Taz was mine from the moment I opened up his cage door at the shelter. He crawled up my chest and put his arms around my neck and that is how he stayed until we got home that night. Two weeks ago I held him just like that as Dr. C. told us that he had about 1 month- 6 weeks to live due to his kidney failure. 

Last Monday he went running past my husband and our friend as they came in to the house. It was unusual for him to be so forceful. I don’t think that he wanted to be caught.

I have been beating myself up thinking that I did not get to say goodbye to my best friend, but I think that we did. The night before he left was unusually warm and when he wanted to go out to pee (he would only go outside in the backyard the last month, or two) I went out with him. I walked down the path to the garage and sat on a step to watch him wander around the yard.

As I sat there I thought about all the happy times he had spent laying in the catnip last summer and decided that I would bury him there when he passed. Soon Taz came up to me and crawled up onto my lap. We sat there in the waning sun for about 15 minutes. I told him that I loved him, and that he would always be Mommy’s boy. Soon enough it was time to go back inside to the realities of life, but I will keep it in my heart that it was the quietest, and most at peace, that he had been for several months. 

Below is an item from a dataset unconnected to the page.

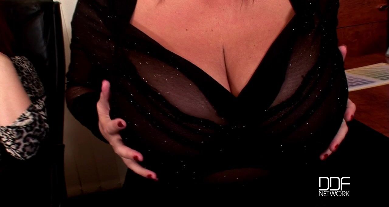 Can you imagine working in an office with a staff made up of Joanna 36H Bliss and Laura 40F M., whose combined boobage comes to a stunning 76 inches? Thats over six feet of slurp-stimulating mammaries, my friends, and naturally enough when this pair attempt to collaborate in a sedate corporate setting , they get distracted by each others generous endowments. Hungarian Laura is the instigator for the hooter hijinks, taking out a black dildo and inviting the Romanian Joanna to feel up her tits while she penetrates her own pussy.Soon Lauras squeezing Joannas squachies, and pressing Joannas mouth to her own melons. Denys DeFrancesco and his camera crews stage some impressive shots, such as one of Joanna kneeling in front of Laura and getting her face crammed between her office mates gigantic glands. At the same time, Joanna rests her own heavy bells on Lauras meaty thigh!!Joanna returns the favor and stands over Laura for awhile, letting the blonde suck on her nipples. Then Joanna takes off her dress and really lets Laura go to town with the squeezing and hefting and tugging and sucking of her enormous globes. Joanna lays back on the desk and Laura stands over her, burying Joannas face in her cleavage. Then, as if all this lusty lesbo boobie bumping isnt enough, Laura gets out some baby oil and massages Joannas jigglers, then mashing her own titans against them. And where do WE the audience fit in? Well, the ladies farewell smiles to us, only inches above their mighty racks, are the cue for the firing of our pent-up gizzum bombs! Just dont get any on your keyboards!, 02/08/2011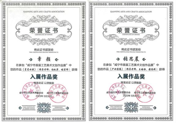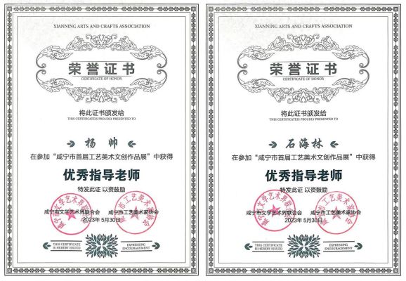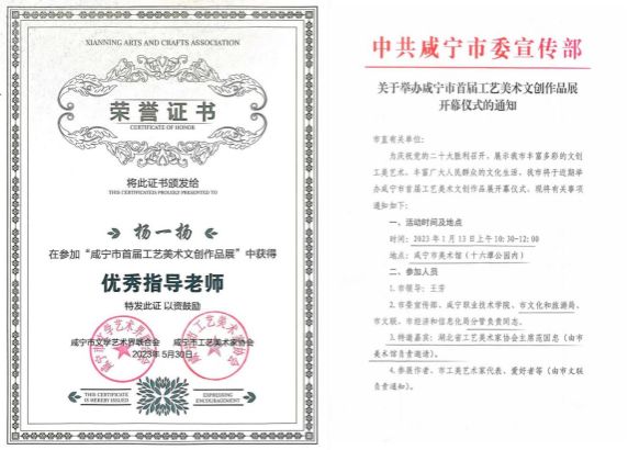 近日,咸宁市首届工艺美术文创作品展获奖名单公布,beat365唯一官网学生金玮琳、张思晨、王小佩、章颜、孙静仪、石芷瑞六位学生作品入选,同时教师杨帅、石海林、余娟、冯秋萍、王培恒、黄佳妮杨一扬获“优秀指导老师”称号。

I will never sneeze again without expecting him to come running and calling out to check on me. I will always remember how he would lift up his chin as he would talk to me. He will always be my boy.


----------



## marie73 (Jul 12, 2006)

He had such a wonderful life with you. Sounds as if he was so in tune with your feelings, it almost seems like he didn't want to worry you or see you cry when it was his time. Such a gorgeous, soft, fluffy boy. atback


----------



## Jeanie (Jun 18, 2003)

Leazie, I can't read your tribute right now; I think you understand. My heart breaks for you. I pray that you will find peace. Know that God knows every sparrow that falls, and that Taz is surrounded by perfect love. 

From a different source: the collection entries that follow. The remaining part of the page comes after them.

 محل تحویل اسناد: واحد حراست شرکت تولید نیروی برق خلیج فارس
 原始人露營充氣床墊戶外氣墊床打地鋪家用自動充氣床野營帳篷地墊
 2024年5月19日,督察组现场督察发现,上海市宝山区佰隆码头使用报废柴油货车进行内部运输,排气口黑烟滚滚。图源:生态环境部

He was and is a very beautiful boy, as Marie said. Oh, how we wish they were ours forever. What an honor that God has entrusted these dear little lives with us. May God bless you and ease your pain. Know that I care deeply.


----------



## katlover13 (Apr 15, 2008)

It sounds like Taz lived life on his own terms. He picked his mommy, he said goodbye to you the way he chose, and he went off to be alone when his time came.
Such a beautiful boy he was and how lucky to have lived his life with his very own person who he knew loved him so much. I hope the wonderful memories you have with him will be a comfort to you.


----------



## Heidi n Q (Nov 22, 2006)

What a sweet gesture he had. The photo really caught my eye. *_waves 'bye' at him_* What a sweet kitty.
heidi


----------



## Lisa 216 (Oct 25, 2004)

I am so sorry  I hope you will find comfort in your wonderful memories of Taz and know that you gave him a life full of love and care. What a beautiful kitty he was.


----------



## Leazie (Apr 14, 2007)

Thank you to all. Yes, I really focusing on my wonderful memories and I am really lucky to have so many of them!

Heidi, I picked that photo because I had the same thought that we was waving goodbye.


----------



## Fran (Jan 9, 2008)

Leazie:

What a beautiful story about your last evening with Taz, brought tears to my eyes...You and he had a deep connection, that will never go away.

Fran


----------



## DesnBaby (Apr 18, 2004)

I'm so sorry about Taz Leazie atback


----------



## my5kitties (Sep 13, 2005)

I'm so sorry, Leazie. My heart goes out to you and your fur family. atback *hugs*


----------